Currently Own Brand accounted for 19% of the sales whereas national brands represented rest
of the sales
Charles wanted the sales of the private label (Own Brand) to increase by 11% in the next five
years (expected ratio, private: national brands- 30: 70)
The increase was targeted for all the product lines under Own Brand but Robs major focus was
on Own Brands bottled water under name Glacia
The USP of Glacia- imported spring water from Canada was not promoted enough, which if
done Rob believed will increase its market share significantly. Competitor of Glacia was Evian-
water imported from French. According to a research done by Rob, customers will be more
inclined to purchase Glacia if they come to know it is Canadian spring water
In the competitive grocery market, Wal- Mart was providing tough competition in terms of
pricing. It could provide very low prices because of its national as well as international supply
chain relationships. Wal-Mart had its own private label in Great Value products but its quality
was low as compared to Own Brands products. Great value compared to H-E-Bs Hill Country
Fare tier- 3 generic

Dilemma

Rob must decide if he should position Glacia to compete with Evian as both are imported spring
water or should continue positioning it against Ozarka, and add the Canadian feature to boost the
sales.

A third possibility is that Glacia can be repositioned (re labelled and re launched) as a domestic
spring water which is what Ozarka is.

Decisions need to be taken in terms of pricing, positioning, promotions and corporate strategy.

Analysis and Solution

Currently Evian had far out priced itself as compared to its competitors. Glacia as a product was
equally competitive as concluded by a double blinded test. Glacia pricing can be significantly
increased to relate to the prices of Evian. Also, this will give an opportunity to Own Brands to create
a Hill Country Fare product that can compete against Ozarka. However, Evian was a premium
national brand that bought in procurement revenue. If Glacia starts beating Evian in sales, Evian will
eventually withdraw its product from H-E-B and as a result the money for procurement revenue
derived from national brand will be lost.
National brands attract customers and many of the customers who come to purchase national
brands end up purchasing Own Brand. This was the motive behind keeping 30:70 ratio. Glacia can be
improved (Canadian feature) to effectively compete against Ozarka. This will significantly increase
the sales of the private label and they need not compete with national brands. Also, this will help
avoid the efforts of re- configuring pricing and moving Glacia closer to Evian.

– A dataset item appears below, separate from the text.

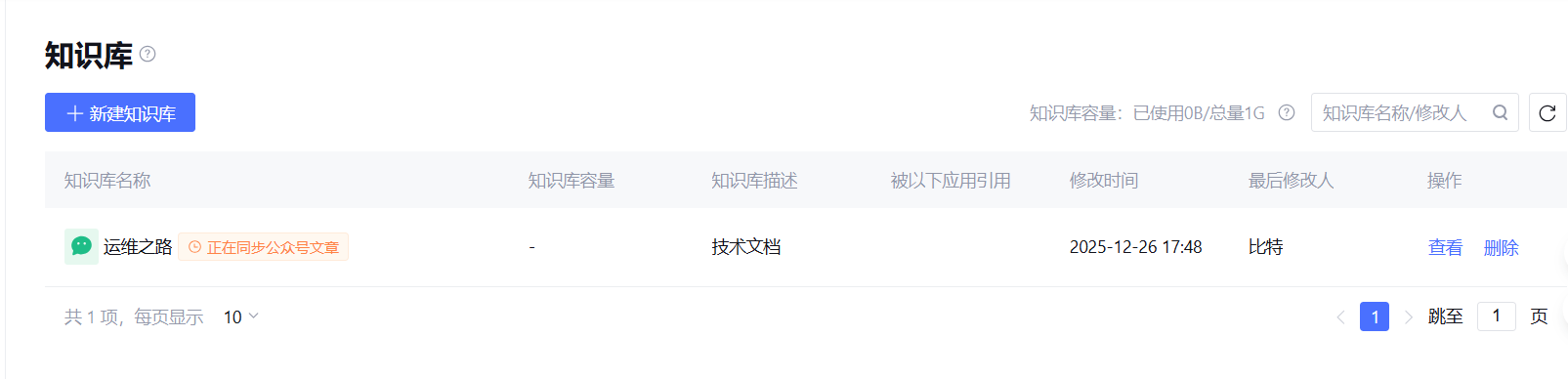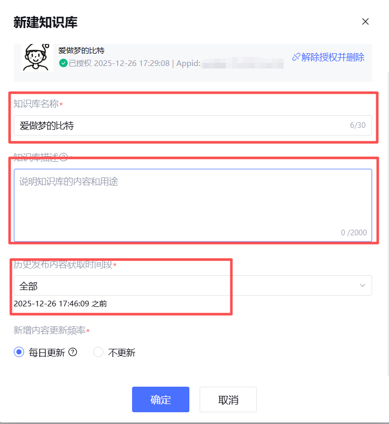 授权完成后,填写知识库名称与描述,点击确定就创建完成了:

There is no point of wasting money on re labelling, promoting and re launching Glacia as a domestic
spring water as it is already a direct competitor of Ozarka. The only point of difference for Glacia was
its source- Canadian spring water which it should leverage.

Solution: Glacia should be re launched as a generic competitor of Evian. The product need not be
changed, only the labelling. Evian needs competition and Glacia can increase price and profit
significantly. Also, a Hill Country Fare product- purified water should be created and placed just
below Ozarka.

There is a probability that this would lead to cannibalization of Evian as Evian customers have shown
preference for Canadian water. This might result in loss of procurement revenue. But the profits
from this strategy would overcompensate the loss as implied by the exhibits.